The world of the Beast of Bentonville is all abuzz with news of various kinds–not the kind of news that is fuzzy and warm to living creatures everywhere (a friend of mine says I should write more positive things…okay, I’ll try…he obviously didn’t read my recent baseball riff). So, where do we start? How about with the news that Wal-Mart managers knew something was wrong when it came to illegal working conditions:
Wal-Mart managers were told in 2000 that employees were not taking breaks required under company policy and state laws, but ignored the findings of the company’s own internal audit, court documents show.
Stores were not in compliance with company and state regulations concerning the allotment of breaks and meals," said the report, referred to as the Shipley Audit. A judge said Wal-Mart’s management, instead of responding to the audit’s findings, "put their heads in the sand."
Wal-Mart Stores Inc. now faces more than 70 lawsuits across the country accusing the Bentonville retailer of failing to award rest or meal breaks to its employees or forcing employees to work off the clock without pay.
No, it’s hard to believe that the top dogs at Wal-Mart didn’t know this was going on. And it will end up costing he company:
In a class-action case in Minnesota, District Court Judge Robert King Jr., in a 151-page order released June 30, found that Wal-Mart breached its contract and violated state labor laws by not giving its employees breaks. He awarded the class of about 56,000 workers $6.5 million.
The next phase of that trial is scheduled to start Oct. 20. Wal-Mart faces a penalty of up to $1,000 on each of the 2 million state labor violations. Under Minnesota law, money assessed for the labor violation penalties goes to the state, not the class members. But punitive damages, or those imposed to punish the wrongdoer, will be decided during the trial and will go to the class if awarded.
"I don’t know if it’s going to be $2 billion," said Bill Sieben, a Minneapolis attorney who represented the employees in the Minnesota case. But, he said, even if the jury fines Wal-Mart only $100 per violation, "then it’s a $200 million exposure. They’ve got a very serious risk of a huge verdict against them."

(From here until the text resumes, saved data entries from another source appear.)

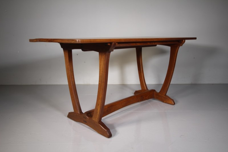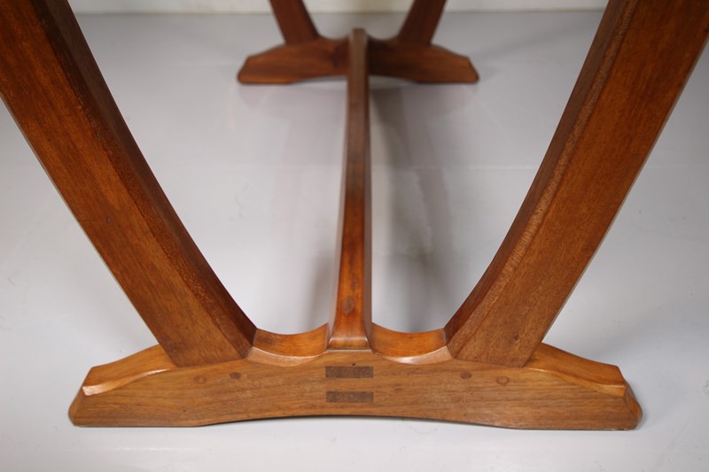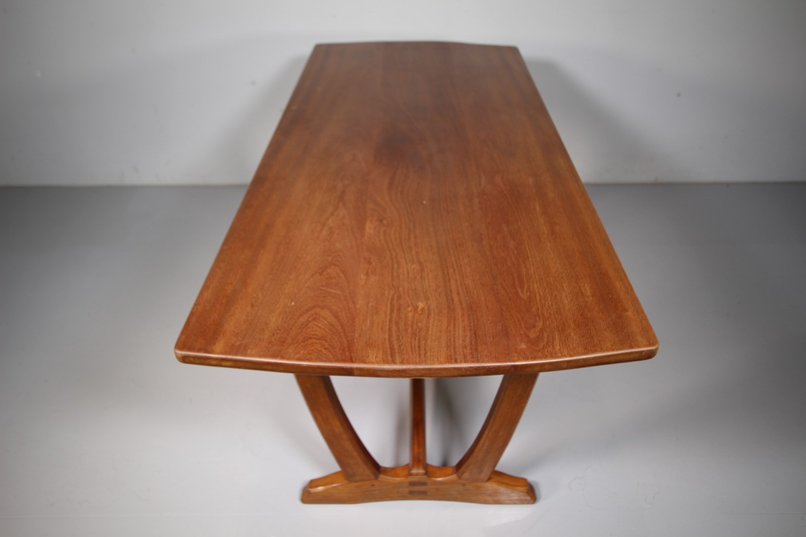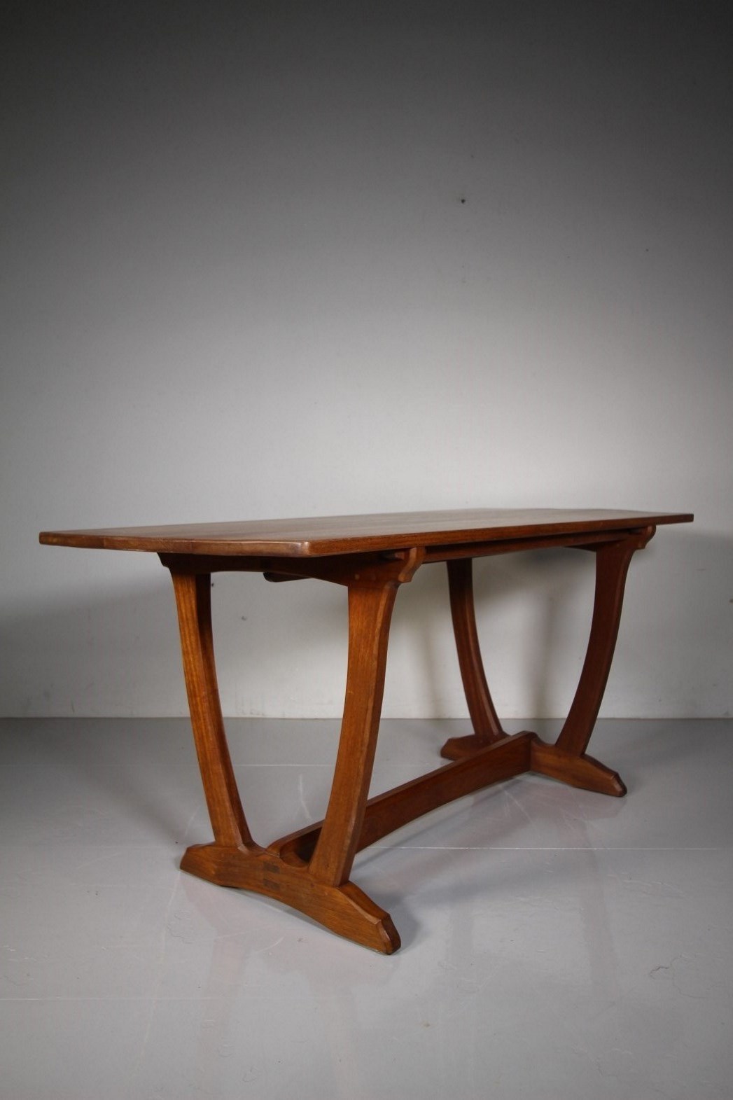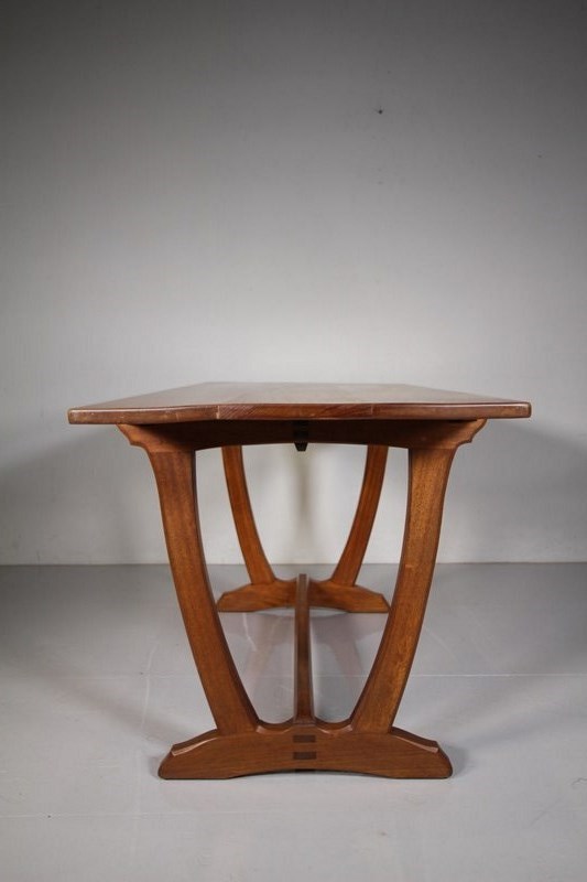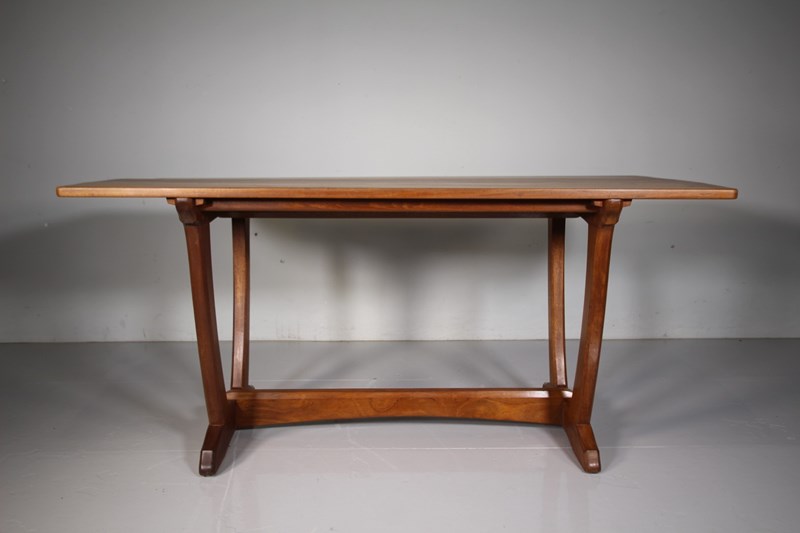 A high quality solid walnut dining table that is a wonderful shape, a Gimson design dating to the late thirties. The large walnut dining table table top is one a shapely table base that has U shaped end supports that finish on sledge feet, the ends are then connected by a flat stretcher. All pegged construction with lovely exposed mortice decorations. In excellent, clean and original condition. Whilst a design made for dining, this Gimson design table would also make an ideal desk.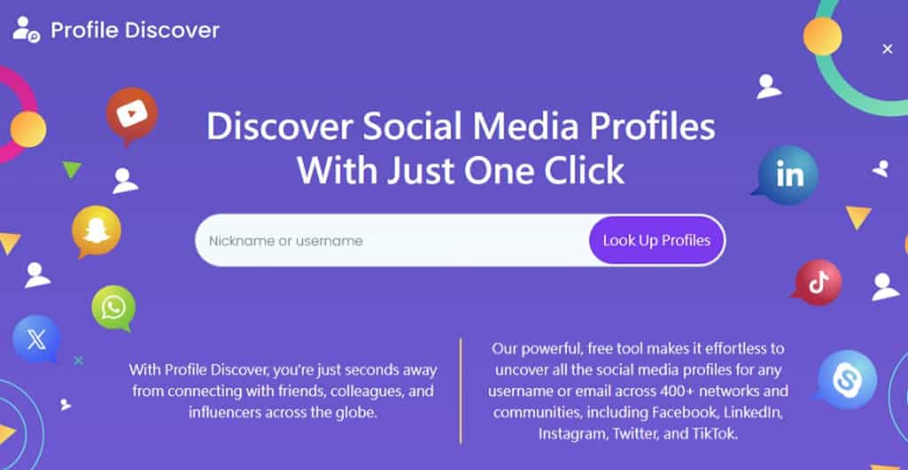 Profile Discover 是一個免費的社群帳號搜尋工具,涵蓋包括 Facebook、LinkedIn、Instagram、Twitter 和 TikTok 在內的 400多個社群網站都是 Profile Discover 搜尋的目標。使用者只需要輸入帳號名稱,Profile Discover即可快速搜尋並列出 400多個社群網站中相應的帳號連結。這使得用戶可以輕鬆地找到所需的社群帳號,並且快速前往該網站確認。但就怕同一人在不同的社群網站會因該帳號已被註冊而必須使用不同的帳號,所以對搜尋結果參考就好。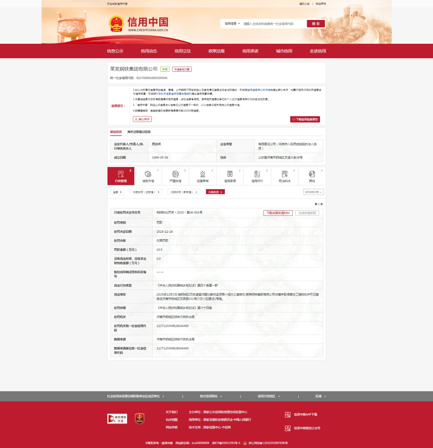 齐鲁晚报·齐鲁壹点记者于信用中国行政处罚栏获悉,2025年12月26日,莱芜钢铁集团有限公司(下称“莱钢集团”)收到10.5万元罚单,处罚机关为济南市钢城区综合行政执法局。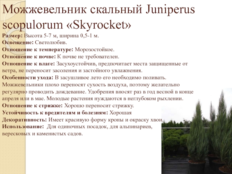 Слайд 9Можжевельник скальный Juniperus scopulorum «Skyrocket»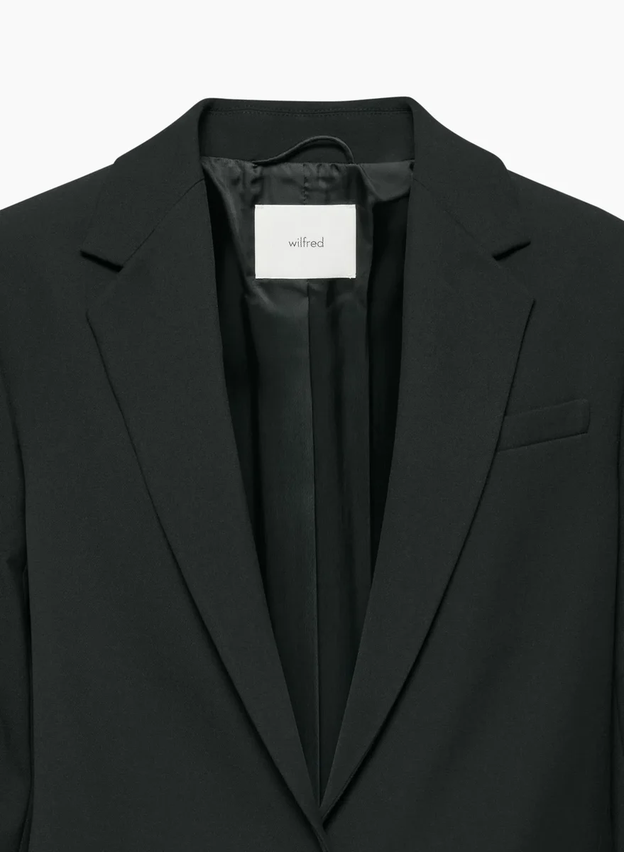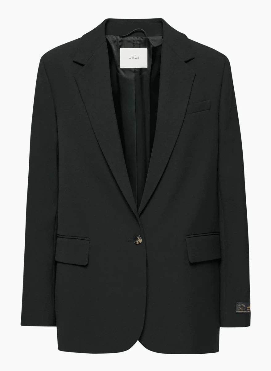 This is a single-breasted blazer with a peaked lapel, shoulder pads and a relaxed fit. It’s tailored with (Re)ssential — softly structured stretch fabric that holds its form while you move easy. This fabric is sourced from a premier Portuguese mill and made with recycled materials and LENZING™ ECOVERO™ Viscose — responsibly sourced wood-based fibres produced through a process that reduces impact on forests, biodiversity and water supply. This style has been recently updated for an even better fit.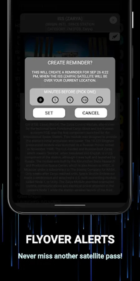 4. Find out when a satellite will be overhead, and set reminders in seconds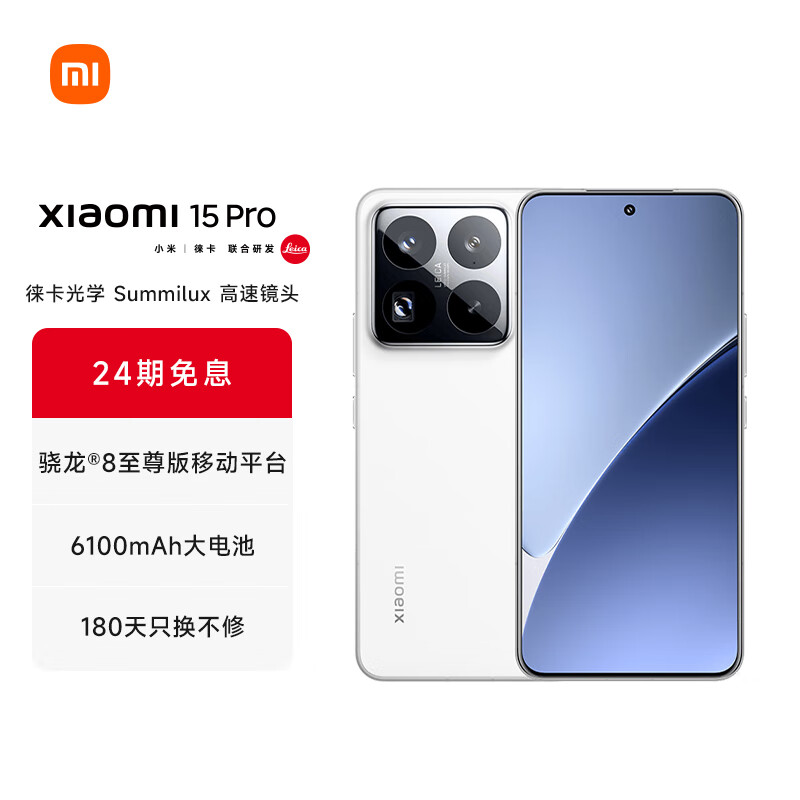 小米xiaomi小米15 Pro手机 国家补贴 徕卡光学镜头 骁龙8至尊版移动平台 6100mAh小米金沙江电池 白色 12GB+256GB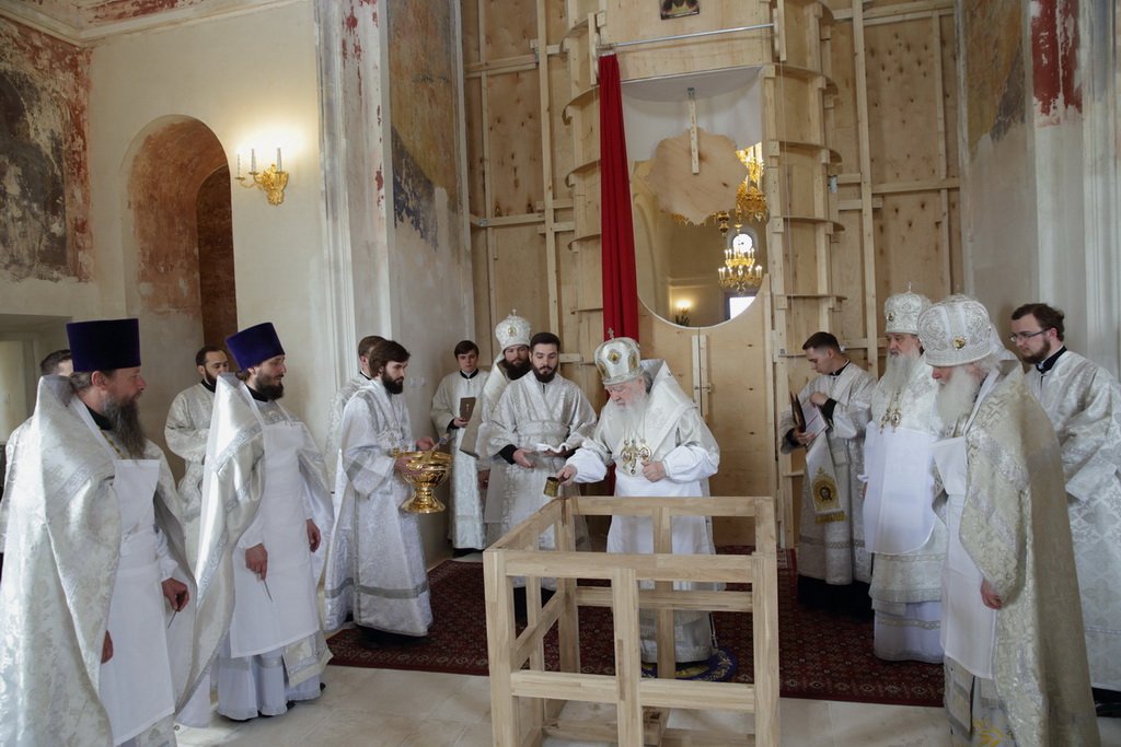 За богослужением пел хор Коломенской духовной семинарии под управлением диакона Николая Глухова.

Personally, I think the company should make CEO Lee Scott pay for the financial hit, either by docking his multi-million pay package, or, better yet, making him work for ten years at one of the company’s subcontractors in China…speaking of which…
Turns out that when a national government has a policy to force companies to let unions in, Wal-Mart plays the game, as Business Week reports:
Wal-Mart Stores (WMT) may stiff-arm unions in the U.S., but not in China. The giant retailer has just signed a new collective bargaining deal with the All China Federation of Trade Unions, the government-controlled union representing Wal-Mart’s Chinese workers. Under the agreement, which for now only covers two Chinese cities (Quanzhou in the southeastern province of Fujian and Shenyang in China’s northeast), Wal-Mart employees will get 8% pay raises this year and next.
The deal is a victory for the government, which successfully forced Wal-Mart to unionize its 48,000 local employees in 2006. It’s also a sign that employers in China, both local and foreign, are starting to take labor, safety and environmental issues more seriously.
Now, this isn’t the union you and I might think we want:
Chinese workers of course still have few rights: They can’t form independent unions, for instance, and they criticize the government’s labor policies at their peril.
But, it does show what happens when national policy–albeit, in a less than open society–requires that companies sit down and negotiate with unions. Wouldn’t it be nice if that was true in the U.S., too?